Romiplostim versus Placebo
The other studies were phase II multicenter randomized clinical trials that found adding romiplostim to decitabine or lenalidomide (Revlimid) in patients with low- or intermediate-risk MDS reduced the incidence of CST and the need for platelet transfusions. Both studies found romiplostim to be well-tolerated and recommended additional investigation but noted that data interpretation was limited by each study’s small sample size.
In one study, 39 patients (median age, 74 y) were randomized to receive 4 cycles of subcutaneous placebo, 500 µg of romiplostim, or 750 µg of romiplostim in addition to standard treatment with lenalidomide. At study outset, 15 patients (30%) had platelet counts <50 x 109/L, and 7 (18%) had del(5q).
The incidence of adverse events was comparable between the different groups. Patients in the placebo arm had a higher incidence of diarrhea, at 45.5% versus 38.5% for patients taking romiplostim; thrombocytopenia, observed in 36.4% of patients taking placebo compared with 16.3% of patients on romiplostim; and dizziness, observed in 27.3% of patients on placebo compared with 11.6% for patients receiving romiplostim. Romiplostim was associated with higher rates of rash (34.7% vs 27.3%, respectively) and peripheral edema (30.8% vs 27.3%).
Compared to placebo, patients taking romiplostim had increased platelet counts (31.5% vs 17%, respectively) and were less likely to require platelet transfusion (19% vs 25%, respectively). No deaths were reported, and 12 patients discontinued the study, including 1 in the romiplostim group who progressed to AML. ASH Abstract 1770.
In the third study, 29 patients were randomized nearly 1:1 to receive placebo or 750 µg romiplostim in addition to decitabine at a standard or modified dose. Nine patients in the placebo group and 10 in the romiplostim group completed 4 cycles of decitabine.
After the first treatment cycle, patients in the placebo group had lower median platelet counts at the beginning of each subsequent cycle compared with those receiving romiplostim. In the last cycle, 30% of patients taking placebo and 55% of romiplostim-treated patients reached median platelet count. In addition, more patients on placebo required platelet transfusions than patients taking romiplostim (57% vs 47%, respectively). The placebo group also had a higher incidence of bleeding events than the romiplostim group (43% vs 27%).
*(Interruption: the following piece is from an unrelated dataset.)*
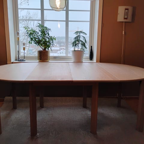 Spisebord 110cm langt slik det står på bildet. 3 ileggplater a 40cm hver følger med.

Only 36% (n = 5) of patients in the placebo group achieved complete or partial response compared with 47% (n = 7) in the romiplostim group. All patients experienced at least 1 adverse event with a slightly higher rate in the placebo group than the romiplostim group (57% vs 53%, respectively). One patient in each group had progression to AML, and 2 patients in each group died. Neither death in the romiplostim arm was considered related to the investigational treatment. ASH Abstract 1769.
Dislcosure: Amgen provided funding for these studies.